Monsieur Genecand, vous parliez d'intolérance, mais votre propre champ de vision est peut-être lié à la religion, que je respecte, à laquelle vous adhérez.

Mme Fabienne Blanc-Kühn (S). Comme l'a expliqué M. Vanek, l'histoire des religions est extrêmement compliquée, extrêmement complexe, et le débat devrait avoir lieu en commission.

Preuve en est quelques paroles célèbres, encore présentes à nos esprits. Moïse a dit : «Tout est dans les lois.»; Jésus a dit : «Tout est dans l'amour.»; Marx a dit : «Tout est dans l'argent.»; Lénine a dit : «Tout est à vous.»; Freud a dit : «Tout est dans le sexe.» et Einstein a dit : «Tout est relatif.» ! (Rires et applaudissements.)
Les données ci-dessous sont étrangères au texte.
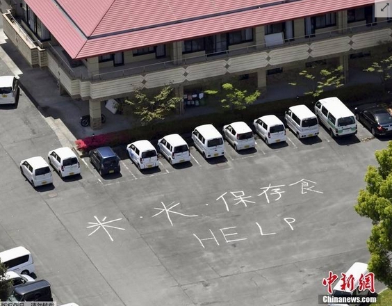 在熊本的一個敬老院的停車場空地上,寫著“水、大米,罐頭食品及幫助”的字樣。據熊本縣政府統計,全縣有約11萬人在723處避難所避難。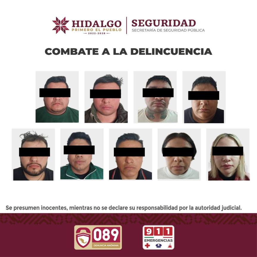 Derivado de trabajos de inteligencia operativa, la Secretaría de Seguridad Pública de Hidalgo (SSPH) llevó a cabo el aseguramiento de nueve personas, quienes eran miembros de una banda delictiva dedicada al robo de automotores y la alteración de los medios de identificación vehicular, para posteriormente venderlos.

Mme Martine Brunschwig Graf, conseillère d'Etat. Cette question est extrêmement délicate. La preuve en est que nous nous en préoccupons depuis décembre 1994 sans avoir pu arrêter de décision définitive. Pour mener à bien notre réflexion, nous entendons nous entourer de personnes qualifiées, tout en intégrant les utiles suggestions des uns et des autres quant à la composition de notre groupe de travail.

J'aurais souhaité vous présenter un premier rapport circonstancié, ne serait-ce que pour effacer des craintes ou certaines suppositions. Il aurait expliqué de quoi il s'agit en réalité et à quoi nous voulons aboutir.
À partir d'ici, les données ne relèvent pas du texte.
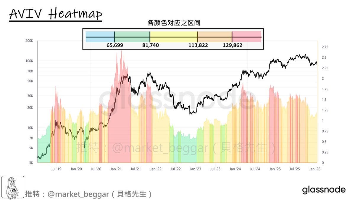 持續更新 @market_beggar,AVIV Heatmap 目前的區域劃分雖隨市場動態微調,但整體支撐結構並未改變。關鍵的「綠色區域」上界目前位於約 81,740 點,這與作者先前提出的 TMMP 模型(81,212)以及偏離度調整的 STH-RP 綠線(81,361)數值一致。這種跨模型、低相關性的數據共振,進一步增強了「淺熊劇本」的可靠性,顯示出若未來發生「前低 Stop Hunt」(流動性掃蕩),該區間將具備極強的支撐潛力。

En attendant, je vous dirai quelque chose qui vous amusera peut-être. Il se trouve que l'un de nos collègues, ancien député, qui préside un comité préconisant l'éternelle séparation de l'Eglise et de l'Etat, m'a écrit après avoir appris que j'avais l'intention d'étudier le problème. Les termes de sa lettre étaient, pour le moins, énergiques ! Je lui ai répondu de façon précise, et crois pouvoir affirmer l'avoir rassuré. C'est dire l'importance de sa caution dans ce Grand Conseil !

Permettez-moi une autre pointe d'humour, Monsieur Vanek. Lors d'une session de décembre 1994 consacrée au budget, alors que je m'apprêtais à intervenir dans une émission de télévision, M. Ferrazino, votre collègue ici présent, m'a fort gentiment prêté un livre qui traitait de l'histoire des religions. Je m'en suis délectée, si vous permettez le terme, le temps d'une séance sur le budget... (Exclamations, rires.) Que vous dire sinon que je suis faite comme vous et qu'il est, dans ce parlement, des moments où l'on s'amuse, des moments où l'on participe et des moments où l'on lit !

Comme vous tous, j'estime que ce sujet doit être traité avec précaution. Aussi vous suis-je d'ores et déjà reconnaissante - une fois notre rapport rendu - de lui consacrer tout le temps nécessaire en commission. Vous pourrez auditionner, écouter et débattre sur la base d'éléments plus concrets que les craintes évoquées ici.

Je conclus, mais sans plaisanter : on ne peut pas se permettre, à la fin de ce siècle où l'on confond les religions et les sectes, d'ignorer ce qu'est la religion ! (Applaudissements.)

Mise aux voix, cette motion est adoptée.

Elle est ainsi conçue :

(M 1079)

MOTION

concernant l'introduction de cours sur l'histoire des religions pour les élèves du canton

LE GRAND CONSEIL,

considérant:

- les préoccupations de divers milieux face à un analphabétisme religieux de plus en plus répandu chez les jeunes;

- les réflexions que mène sur ce sujet le département de l'instruction publique,

invite le Conseil d'Etat

- à informer les députés sur l'état de ses travaux en ce domaine;

- à étudier la possibilité d'introduction des cours sur l'histoire des religions pour les élèves du canton dès le cycle d'orientation.